Senate Bill 3 creates a twelve-member task force to talk about special education through 2020. This board, like the cost oversight board, does not guarantee representation to any parents of students with disabilities. But, parents or no, since Jim Bolin and his friends elected bloat-fighting Kristi Noem instead of Billie Sutton, this government bloat is surely headed straight for a veto.

6 Comments

  1. Donald Pay

    HB 1001: Is there some reason why the state can’t keep up with the times? Students and teachers are in school every day, yet the state thinks it can take a couple years vacation in providing money to educate students. Really? Why can’t they can’t recalculate this every year?

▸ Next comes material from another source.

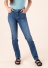 Pulz džinsi Emma ir no klasiska taisna piegriezuma un ērta, elastīga (Stretch) auduma, kurā ir arī elastomultiestera šķiedra, kas piešķir audumam elastību, bet tomēr nodrošina, ka tas izskatās ka klasiska džinsa audums. Vidēji augsta jostasvieta, priekšpusē aizdare ar rāvējslēdzēju un pogu. Priekšpusē divas noapaļotas kabatas, iekšpusē divas mazākas kabatas, no kurām kreisā puse aizdarāma ar rāvējslēdzēju. Aizmugurē divas kabatas ar asu stūri. Modeles augums 176 cm, valkā 27/32 izmēru.Materiāls: kokvilna 92%, elastomultiesteris 6%, elastāns 2%.Krāsa: zila.
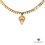 Elegant Gold Cuban Necklaces with Ghost Face Charm : This gorgeous gold chain for man & women is MADE TO LAST with 14 karat bounded gold fashion jewelry; Comes with 4mm wide & 20 inches long Cuban Necklace in gift bag or box.

    SB 1: This just puts politicians more in charge, taking away any flexibility. Legislators like to think this is “strengthening the Legislature,” but generally it means weakening the voice of the public. Smaller districts do have less budgetary flexibility, but I would be willing to bet that larger districts have more students to educate. It’s a tough one to figure out who needs more representation, but it’s NOT the Legislature.

    SB2: What sort of stupidity provides for an index factor less than inflation? I do prefer index factors to thinking that the stupid Legislators have enough short-term memory capacity to remember what they promise from year to year.

    SB 3: Ah, ha. See SB 1. No parents, fewer educators. Who needs these experts when you can dumb down the board with Legislators.

  2. Evan

    Hey, Cory!

    What experience do you have in the Education sector to make your opinion more valid?

    Also, since you are running for representation, what makes you qualified to make decisions that affect a multi-billion dollar enterprise? What have you done outside of blogging politics that would make you qualified?

  3. [Evan, if that’s going to become your schtick, ignoring the topic and turning the discussion to me personally, you’re on the wrong blog. Discussing the bills coming before the Legislature is of far greater public interest than discussing the personal qualities of anyone in this comment section.]

  4. Donald, you ask a really good question. Why would HB 1001 stop at two years? Why not recalculate the cost of serving special kids every year? Call the schools, get the data, compile a table, and provide the Legislature with the most up-to-date info possible to support budgetary decisions?

  5. bearcreekbat

    Cory, Thank you!

  6. Getting reports from every school every year about actual costs could really improve the current lazy index-factor adjustment. Go to the special ed directors and get price lists for essential software, textbooks, classroom equipment, and other resources necessary to provide services for students with various disabilities. Get some real counts of staff time spent to provide those services. Compare school to school: maybe there are some schools finding better software at better prices or finding ways to provide the same level of service with less overhead. Instead of just pulling a number out of thin air (CPI or 3%, whichever is lower, an arbitrary choice divorced from the actual and specific costs of providing educational services), we could do some serious evidence-based budgeting…

    …and we can collect that evidence all the more effectively with more educators on the oversight board, more people involved directly in education, and fewer legislators. Let the Department of Education and the school districts compile the data and make recommendations; let the legislators make the higher-level budget decisions based on that informed input.